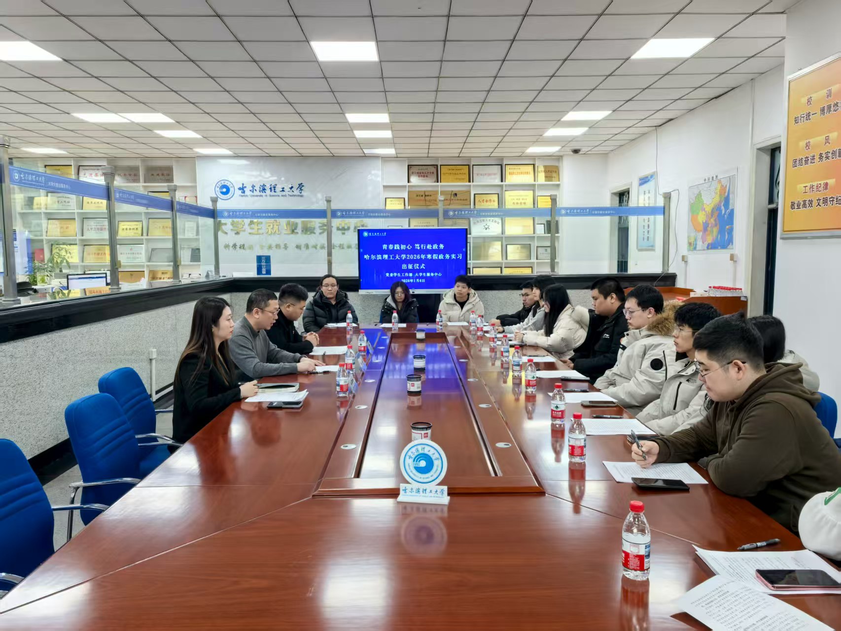 1月6日,学校“青春践初心 笃行赴政务”2026年政务实习出征仪式在西区1号楼205会议室举行。学校就业服务中心副主任崔征、就业市场服务科副科长姜其锋、金丽欢出席仪式,南岗区、鸡东县服务团全体实习生参加活动。
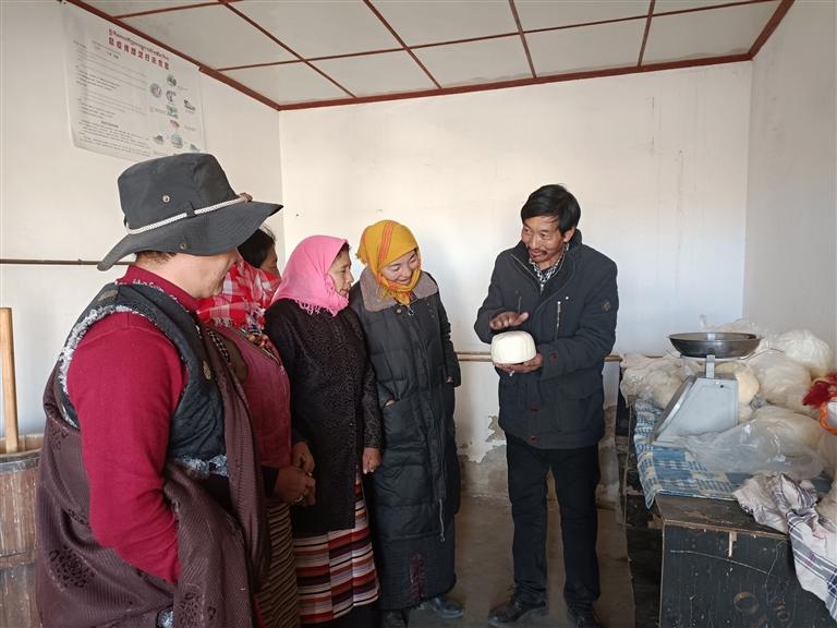 馬村草場遼闊,有著養(yǎng)殖犏牛等牲畜的良好自然條件。以前該村由于一直依靠傳統(tǒng)方式養(yǎng)牛,規(guī)模小、科技含量低、品種老化、產(chǎn)業(yè)帶動力不明顯,一直處于“家家養(yǎng)牛家家窮”的狀態(tài)。2013年,在拉薩市委組織部(駐村工作隊)的幫扶下,投入90萬元成立了堆龍德慶區(qū)馬鎮(zhèn)馬村平措犏牛養(yǎng)殖合作社。接下來的幾年不斷擴大養(yǎng)殖規(guī)模和提高養(yǎng)殖經(jīng)營水平,建成了馬村高原特色犏牛養(yǎng)殖及乳制品加工銷售一體化養(yǎng)殖基地,其乳制品深受市場的歡迎。目前,合作社有犏牛100多頭,帶動5人就業(yè),2019年起除了與其他村集體經(jīng)濟收入一起給常住戶分紅外,每年向本村建檔立卡貧困戶分紅。“我們村經(jīng)過發(fā)展,成立了犏牛養(yǎng)殖合作社,合作社的收入一年比一年好。今年,村集體經(jīng)濟為我們脫貧戶每戶分紅2900元,我們特別開心。今后也希望能更多地參與到村集體發(fā)展中,學好技術(shù),讓家庭條件越來越好?!贝迕衤迳8吲d地說。
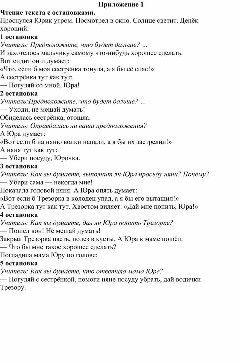 Чтение текста подготовленным учеником с остановками (Приложение 1).
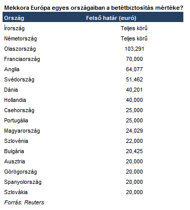 Az európai országok közül az előző héten Írország és most hétvégén Németország is bejelentette, hogy teljes körű garanciát vállalnak a lakossági bankszámlákra, miközben Ausztria is ezt tervezi, azonban csak az Ecofin tanácskozása után mondják ki a végső döntést. Most hétfőn a svéd kormány jelentette be, hogy az eddigi 250,000 svéd koronás betétbiztosítási határt a duplájára 500,000 koronára emelik, az angol pénzügyi felügyelet pedig 35,000 fontról 50,000 fontra emelte az állami garancia mértékét, ami 64,000 eurónak (12.5 millió forintnak) felel meg.
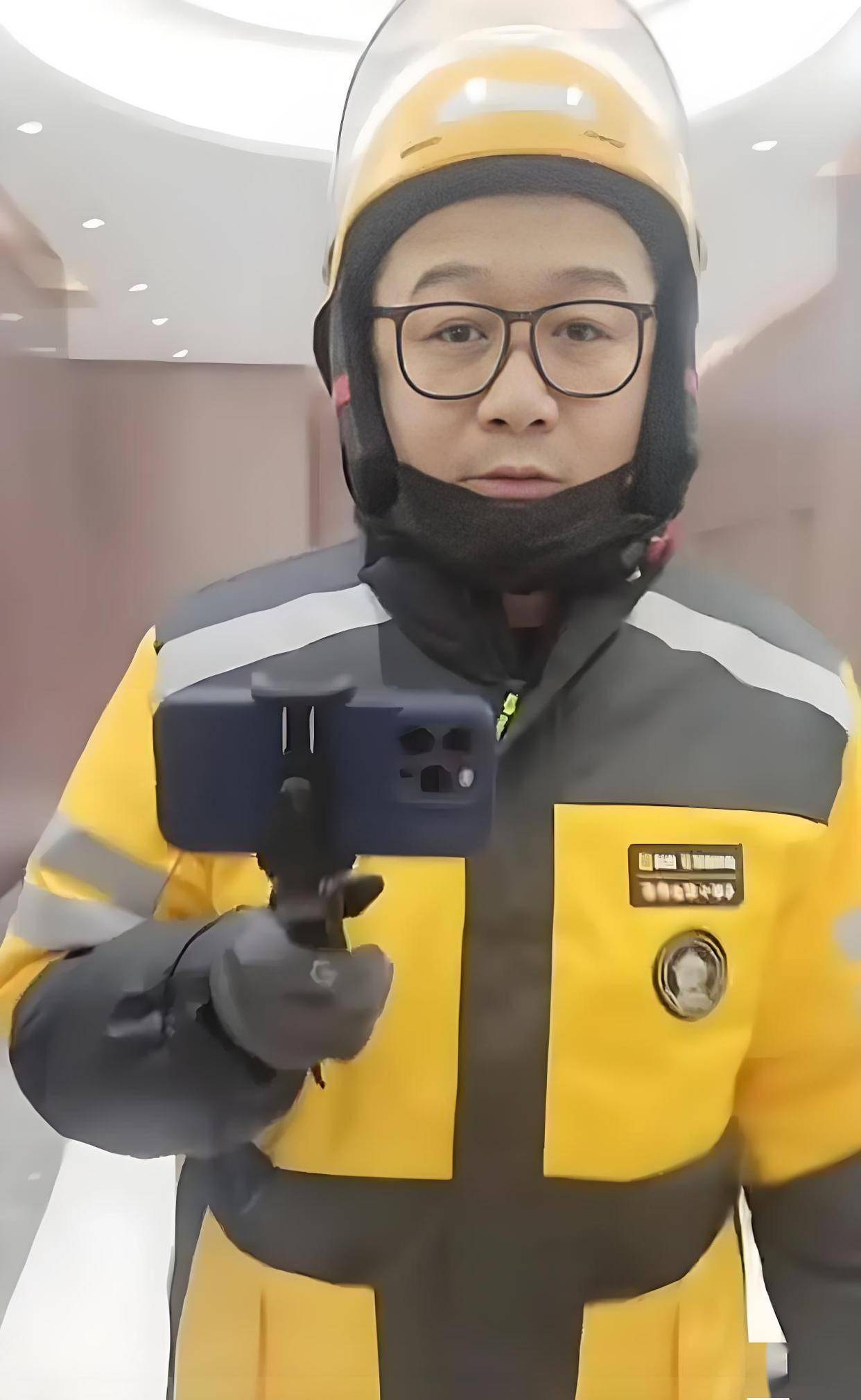从网友晒出的照片来看,高虎身穿某外卖平台的工作服,头戴安全头盔、架着一副眼镜👓,穿着『打扮』和街头普通外卖员别无二致,丝毫看不出往日的『明星』️光环
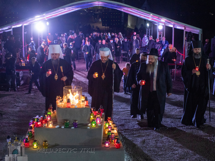Молебень провели митрополит Київський і всієї України ПЦУ Епіфаній, глава Української Греко-католицької Церкви блаженніший Святослав та головний рабин України й Києва Моше Реувен Асман.
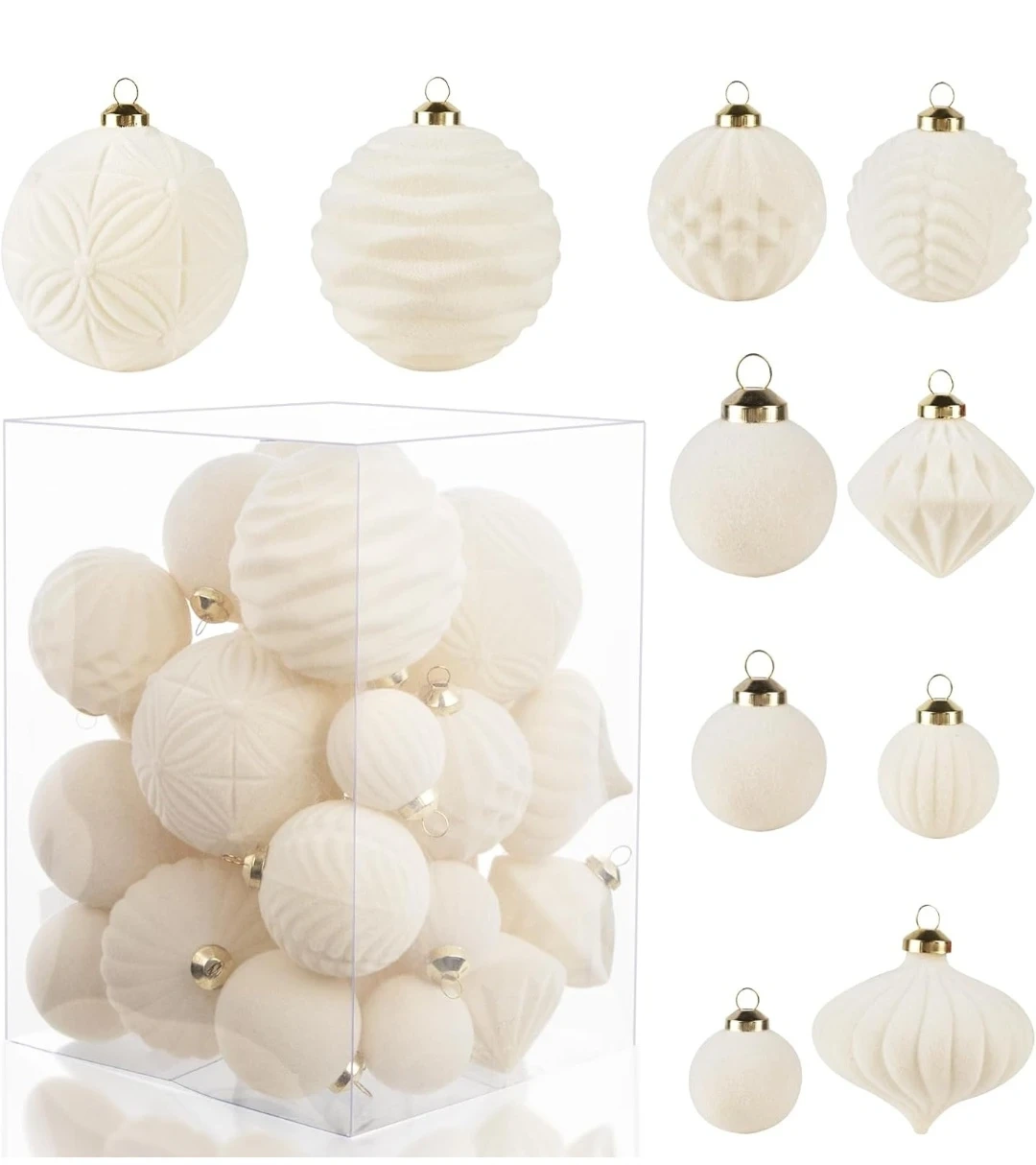 New 35pcs Velvet Christmas Decor - Creamy White
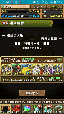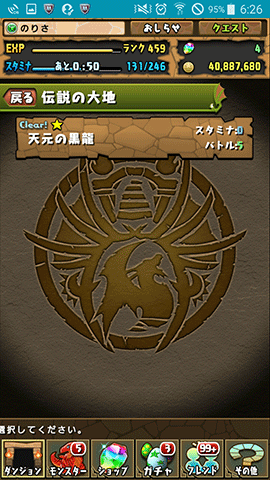 消費スタミナ「0」ですからプレイし放題。特におススメは伝説の大地(天元の黒龍)ですね。
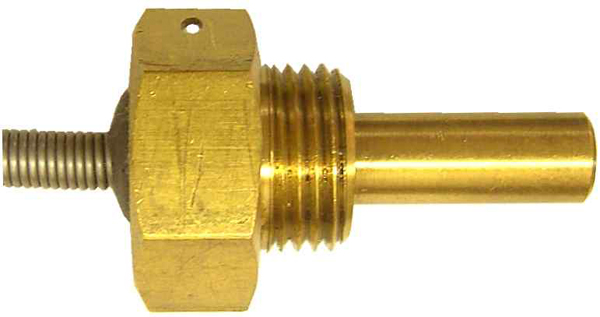UMA makes a complete line of temperature probes including solid state types. For engine monitoring, we have probes made of brass with thread sized from 1/4-28 to 5/8-18 and various metric sizes, as well as in many different lengths. We can custom make just about anything. We also have spark plug ring sensors. 10mm X 1.5 (0.4" tip length) |
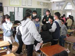地震発生による火災を想定し、机の下の潜って頭(脊髄)を守る、頭を低くしてハンカチで口を覆って吸煙を防ぐ、避難経路を確認して覚えるなどの訓練をしました
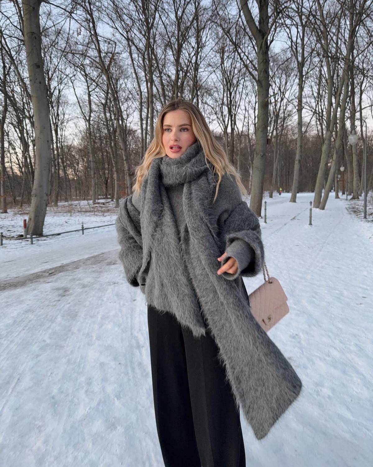 Серый идеально подчеркивает сложные зимние материалы — кашемир, альпака, шерсть букле. Образ сразу выглядит дороже и технологичнее.
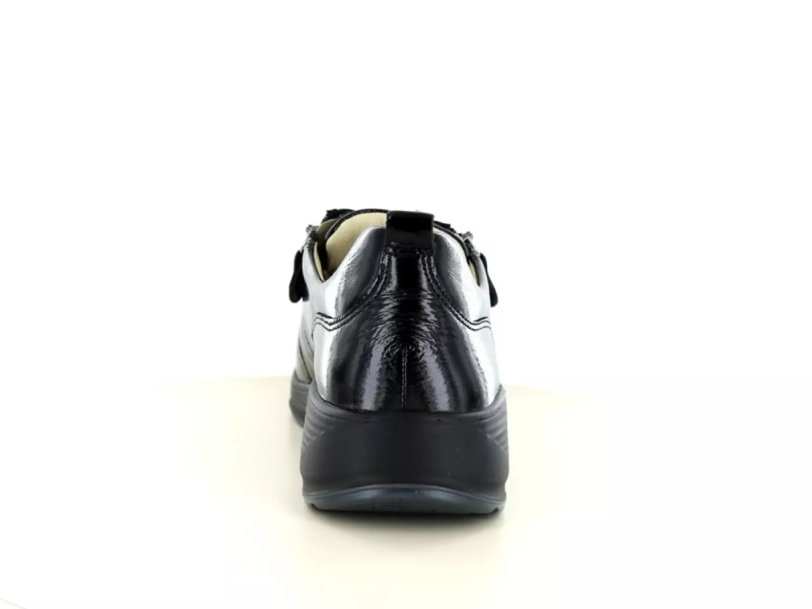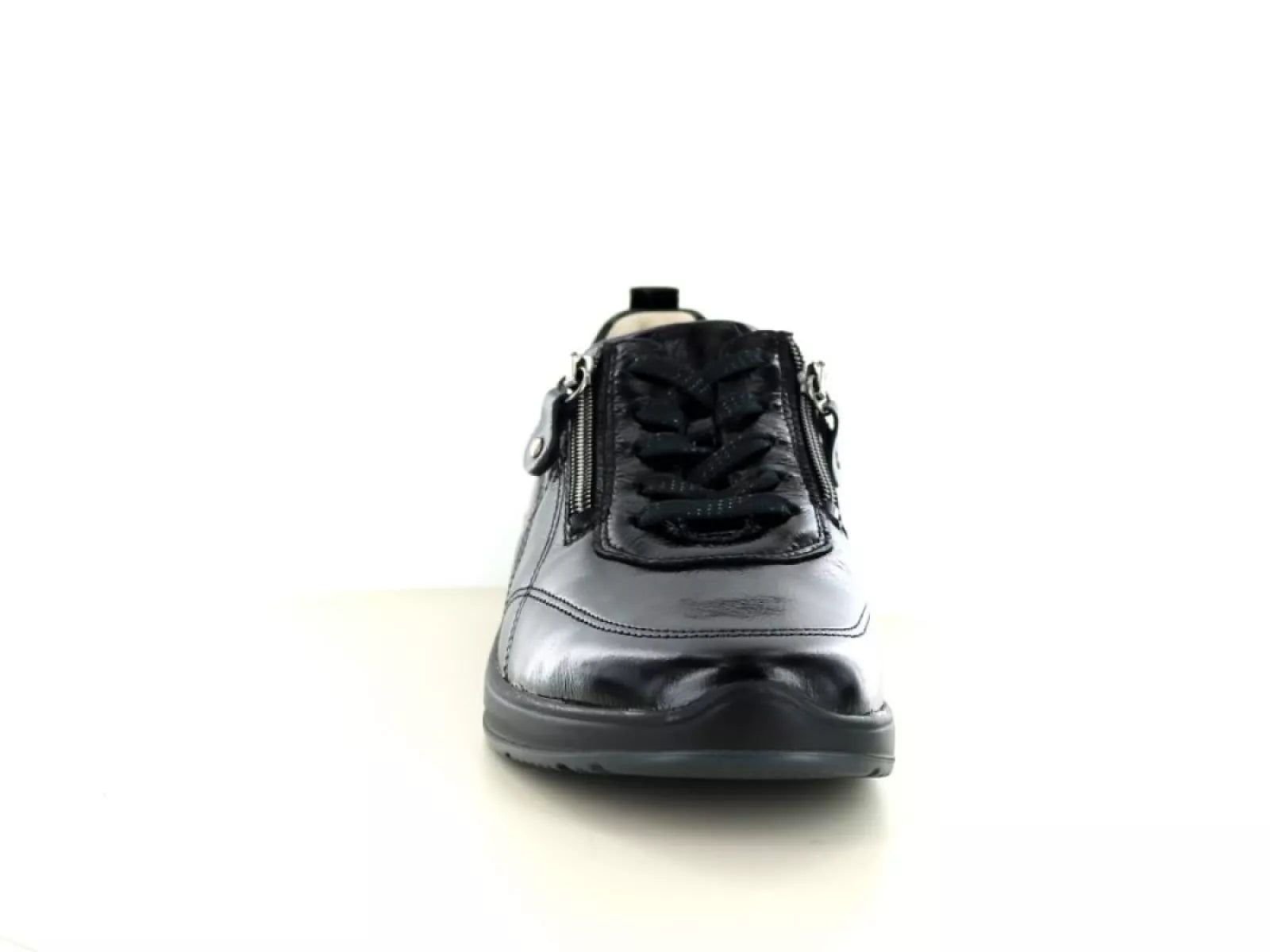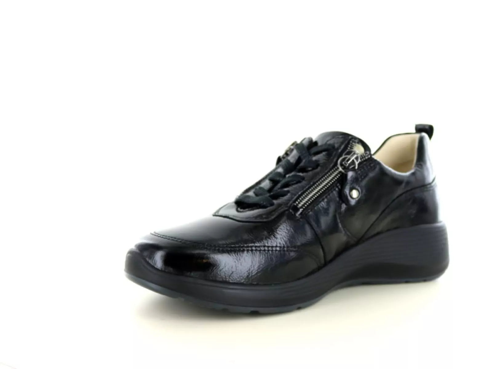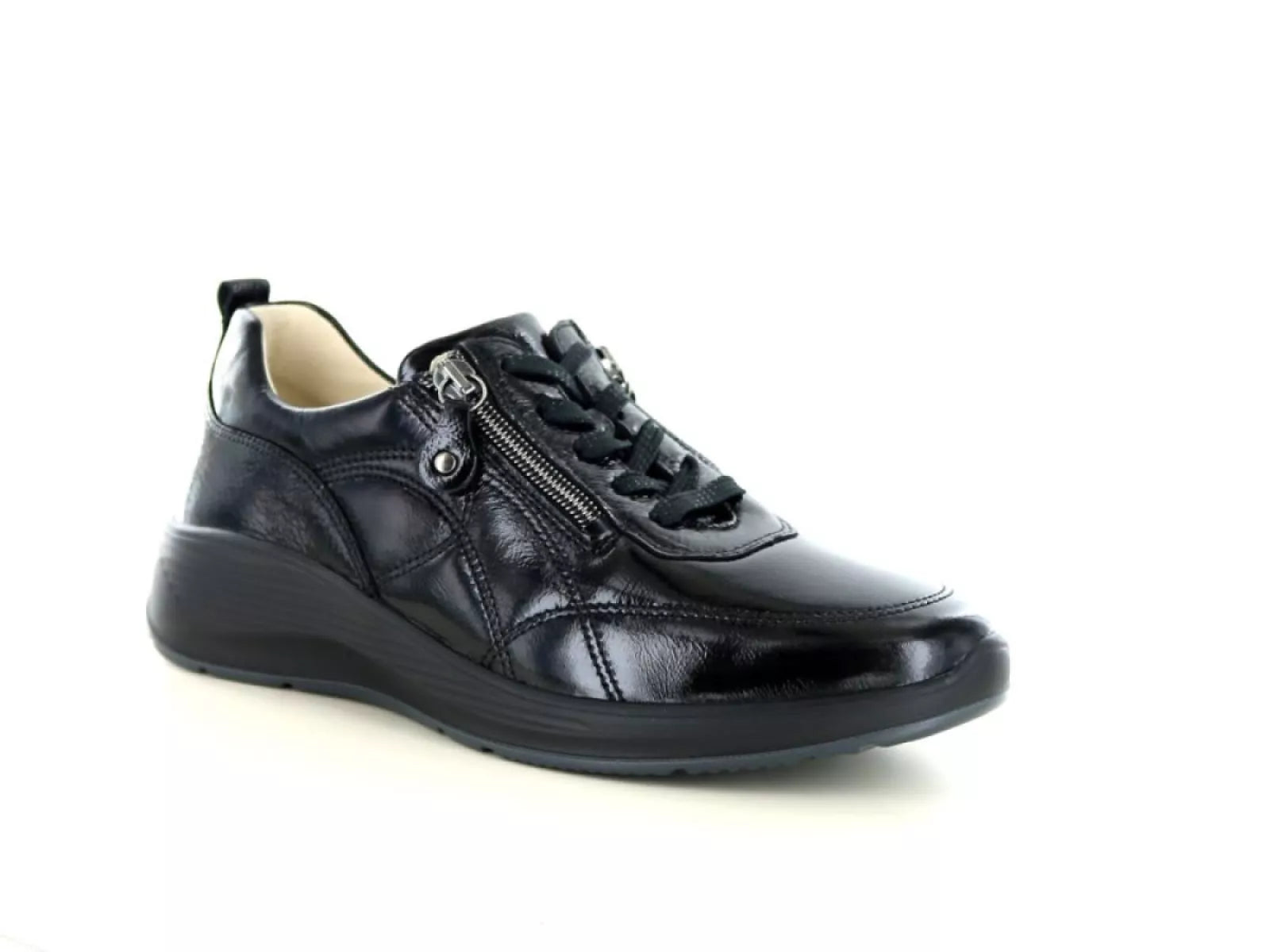 De 698001 wijdte K van Waldlaufer is een mooie veterschoen gemaakt van leer [lak], voor dames. Deze schoen heeft een verwisselbaar voetbed en is geschikt voor steunzolen. Deze veterschoen is uitgevoerd in de kleur 143 001 zwart en is gemaakt op wijdte K [extra breed]. De sluiting is door middel van een rits en veters.

------------------------------

Retype the whole of the data verbatim. Skip every picture.

Result below:
 1月6日,学校“青春践初心 笃行赴政务”2026年政务实习出征仪式在西区1号楼205会议室举行。学校就业服务中心副主任崔征、就业市场服务科副科长姜其锋、金丽欢出席仪式,南岗区、鸡东县服务团全体实习生参加活动。
 馬村草場遼闊,有著養(yǎng)殖犏牛等牲畜的良好自然條件。以前該村由于一直依靠傳統(tǒng)方式養(yǎng)牛,規(guī)模小、科技含量低、品種老化、產(chǎn)業(yè)帶動力不明顯,一直處于“家家養(yǎng)牛家家窮”的狀態(tài)。2013年,在拉薩市委組織部(駐村工作隊)的幫扶下,投入90萬元成立了堆龍德慶區(qū)馬鎮(zhèn)馬村平措犏牛養(yǎng)殖合作社。接下來的幾年不斷擴大養(yǎng)殖規(guī)模和提高養(yǎng)殖經(jīng)營水平,建成了馬村高原特色犏牛養(yǎng)殖及乳制品加工銷售一體化養(yǎng)殖基地,其乳制品深受市場的歡迎。目前,合作社有犏牛100多頭,帶動5人就業(yè),2019年起除了與其他村集體經(jīng)濟收入一起給常住戶分紅外,每年向本村建檔立卡貧困戶分紅。“我們村經(jīng)過發(fā)展,成立了犏牛養(yǎng)殖合作社,合作社的收入一年比一年好。今年,村集體經(jīng)濟為我們脫貧戶每戶分紅2900元,我們特別開心。今后也希望能更多地參與到村集體發(fā)展中,學好技術(shù),讓家庭條件越來越好?!贝迕衤迳8吲d地說。
 Чтение текста подготовленным учеником с остановками (Приложение 1).
 Az európai országok közül az előző héten Írország és most hétvégén Németország is bejelentette, hogy teljes körű garanciát vállalnak a lakossági bankszámlákra, miközben Ausztria is ezt tervezi, azonban csak az Ecofin tanácskozása után mondják ki a végső döntést. Most hétfőn a svéd kormány jelentette be, hogy az eddigi 250,000 svéd koronás betétbiztosítási határt a duplájára 500,000 koronára emelik, az angol pénzügyi felügyelet pedig 35,000 fontról 50,000 fontra emelte az állami garancia mértékét, ami 64,000 eurónak (12.5 millió forintnak) felel meg.
从网友晒出的照片来看,高虎身穿某外卖平台的工作服,头戴安全头盔、架着一副眼镜👓,穿着『打扮』和街头普通外卖员别无二致,丝毫看不出往日的『明星』️光环
Молебень провели митрополит Київський і всієї України ПЦУ Епіфаній, глава Української Греко-католицької Церкви блаженніший Святослав та головний рабин України й Києва Моше Реувен Асман.
 New 35pcs Velvet Christmas Decor - Creamy White
 消費スタミナ「0」ですからプレイし放題。特におススメは伝説の大地(天元の黒龍)ですね。
UMA makes a complete line of temperature probes including solid state types. For engine monitoring, we have probes made of brass with thread sized from 1/4-28 to 5/8-18 and various metric sizes, as well as in many different lengths. We can custom make just about anything. We also have spark plug ring sensors. 10mm X 1.5 (0.4" tip length) |
地震発生による火災を想定し、机の下の潜って頭(脊髄)を守る、頭を低くしてハンカチで口を覆って吸煙を防ぐ、避難経路を確認して覚えるなどの訓練をしました
 Серый идеально подчеркивает сложные зимние материалы — кашемир, альпака, шерсть букле. Образ сразу выглядит дороже и технологичнее.
 De 698001 wijdte K van Waldlaufer is een mooie veterschoen gemaakt van leer [lak], voor dames. Deze schoen heeft een verwisselbaar voetbed en is geschikt voor steunzolen. Deze veterschoen is uitgevoerd in de kleur 143 001 zwart en is gemaakt op wijdte K [extra breed]. De sluiting is door middel van een rits en veters.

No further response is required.